▸ Saved data entries
________________
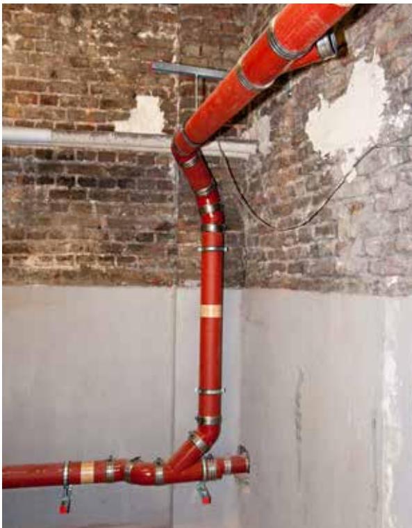
Abgehängte Leitungen an der Kellerwand

Sofern ein Keller vorhanden ist, besteht vielfach die Möglichkeit, die im Kellerbereich vorhandenen Ablaufstellen wie Waschbecken oder Bodeneinläufe aufzugeben und die vom Erdgeschoss kommenden Fallleitungen an der Kellerdecke abzufangen und hoch liegend nach außen zu führen. Das Abwasser einzelner Ablaufstellen im Kellerbereich kann mit einer Pumpe in diese Leitungen gehoben werden.
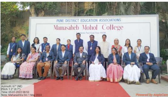
Add on Course Committee
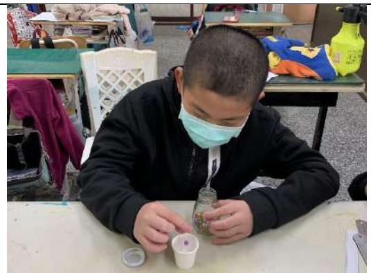
選擇自己喜歡的串珠..
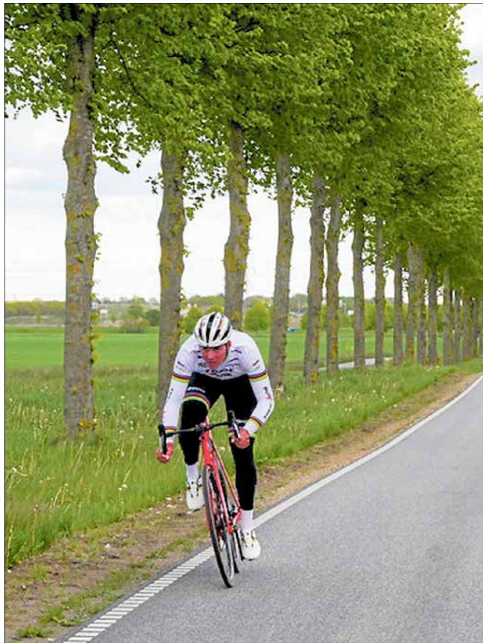
Verdensmesteren i landevejscykling, Mads Pedersen i fuld fart ned ad Ledreborg Allé i sin regnbuefarvede VM-trøje. Han har tidligere boet i Lejre by, nærmere bestemt Åvang.

Selvom der er over et år til tour-starten, så forbereder
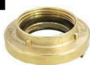
ADAPTADOR 2.1/2" ER X 2.1/2" 5FPP ROSCA INTERNA EM LATÃO
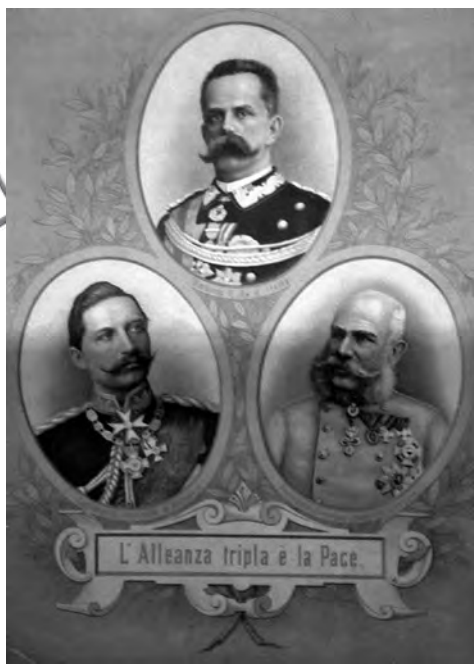
Итальянская открытка, пропагандирующая Тройственный союз как гарантию мира

Тройственный союз обязал Италию начать военные действия в случае неспровоцированного нападения Франции на Германию или в случае французской и русской агрессии против Австрии. Если же одна из сто-
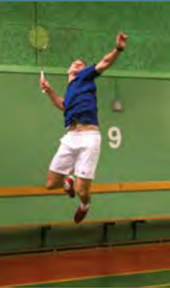
BADMINTONSPILLER I VÆRLØSEHALLERNE.
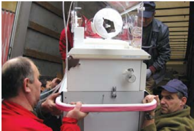
Работещи във видинската болница разтоварват дарението, сред което е този кувъз за новородени
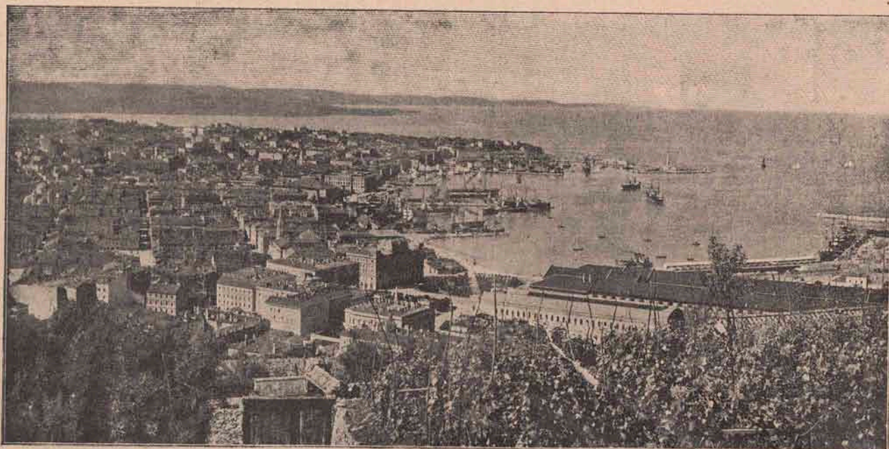
Vederea generală a orașului Triest.
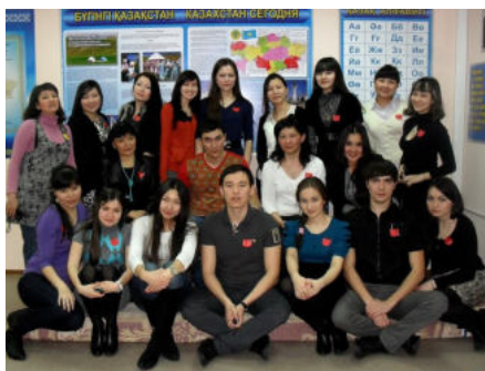
Праздник весны Наурыз отметили в Центре казахского языка и культуры ОмГУ им. Ф.М. Достоевского.

Наурыз означает «рождение весны». По восточному календарю – это первый день нового года, он совпадает с днём весеннего равноденствия. Праздник является символом обновления, торжества любви, плодородия и дружбы. Наурыз – наиболее важный и древний фестиваль восточных народов. Считается, что щедрое празднование принесёт в дом изобилие и успех на целый год. Эти убеждения объясняют большое количество ритуалов и обычаев. С приходом Наурыза все надевают праздничную одежду, ходят друг к другу в гости и желают благополучия в наступающем году.
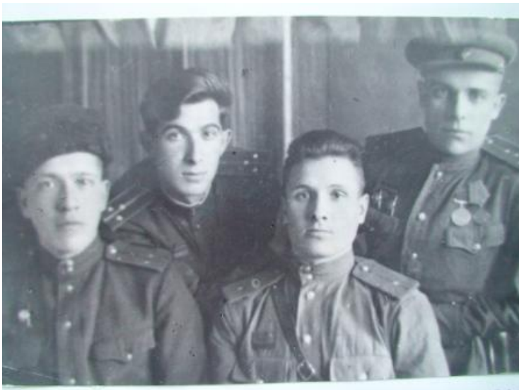
На фронте – второй слева.
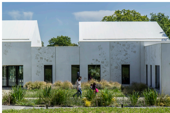
Les abords de l'école « les Moulins de Juillet » - Les Touches
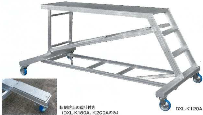
転倒防止の垂り付き (DXL-K150A、K200Aのみ)
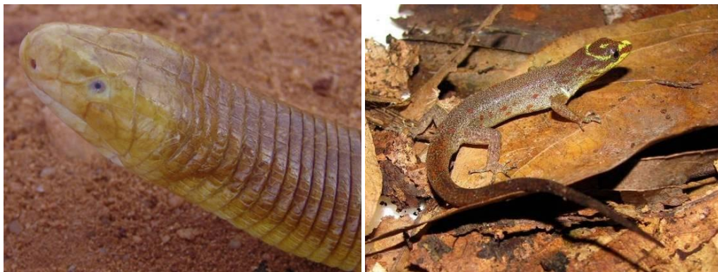
Ilustração 25: Amphisbaena alba e Gonatodes humeralis
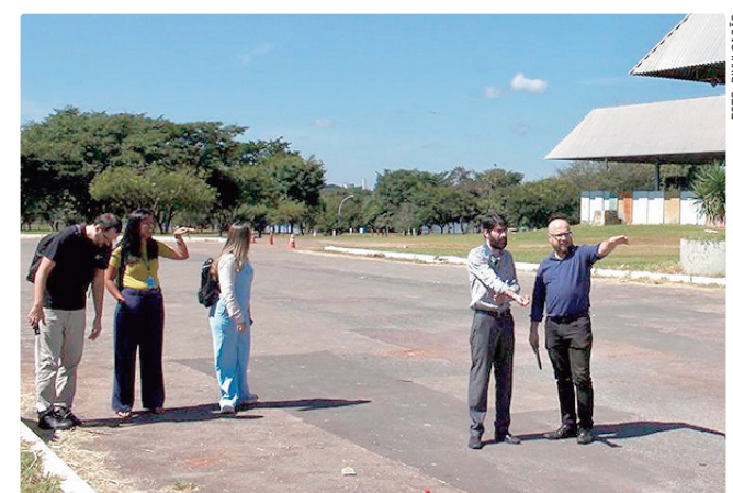
A vistoria contribui para verificar se os estudos estão alinhados

A partir da vistoria, a CGDF fará a elaboração do relatório de auditoria, com previsão de conclusão até o dia 30 de abril. O documento deve consolidar a análise técnica sobre os estudos apresentados.
________________
▸ Problem
All the records need to be repeated exactly, with the images dropped.

▸ Answer for the task
Abgehängte Leitungen an der Kellerwand

Sofern ein Keller vorhanden ist, besteht vielfach die Möglichkeit, die im Kellerbereich vorhandenen Ablaufstellen wie Waschbecken oder Bodeneinläufe aufzugeben und die vom Erdgeschoss kommenden Fallleitungen an der Kellerdecke abzufangen und hoch liegend nach außen zu führen. Das Abwasser einzelner Ablaufstellen im Kellerbereich kann mit einer Pumpe in diese Leitungen gehoben werden.
Add on Course Committee
選擇自己喜歡的串珠..
Verdensmesteren i landevejscykling, Mads Pedersen i fuld fart ned ad Ledreborg Allé i sin regnbuefarvede VM-trøje. Han har tidligere boet i Lejre by, nærmere bestemt Åvang.

Selvom der er over et år til tour-starten, så forbereder
ADAPTADOR 2.1/2" ER X 2.1/2" 5FPP ROSCA INTERNA EM LATÃO
Итальянская открытка, пропагандирующая Тройственный союз как гарантию мира

Тройственный союз обязал Италию начать военные действия в случае неспровоцированного нападения Франции на Германию или в случае французской и русской агрессии против Австрии. Если же одна из сто-
BADMINTONSPILLER I VÆRLØSEHALLERNE.
Работещи във видинската болница разтоварват дарението, сред което е този кувъз за новородени
Vederea generală a orașului Triest.
Праздник весны Наурыз отметили в Центре казахского языка и культуры ОмГУ им. Ф.М. Достоевского.

Наурыз означает «рождение весны». По восточному календарю – это первый день нового года, он совпадает с днём весеннего равноденствия. Праздник является символом обновления, торжества любви, плодородия и дружбы. Наурыз – наиболее важный и древний фестиваль восточных народов. Считается, что щедрое празднование принесёт в дом изобилие и успех на целый год. Эти убеждения объясняют большое количество ритуалов и обычаев. С приходом Наурыза все надевают праздничную одежду, ходят друг к другу в гости и желают благополучия в наступающем году.
На фронте – второй слева.
Les abords de l'école « les Moulins de Juillet » - Les Touches
転倒防止の垂り付き (DXL-K150A、K200Aのみ)
Ilustração 25: Amphisbaena alba e Gonatodes humeralis
A vistoria contribui para verificar se os estudos estão alinhados

A partir da vistoria, a CGDF fará a elaboração do relatório de auditoria, com previsão de conclusão até o dia 30 de abril. O documento deve consolidar a análise técnica sobre os estudos apresentados.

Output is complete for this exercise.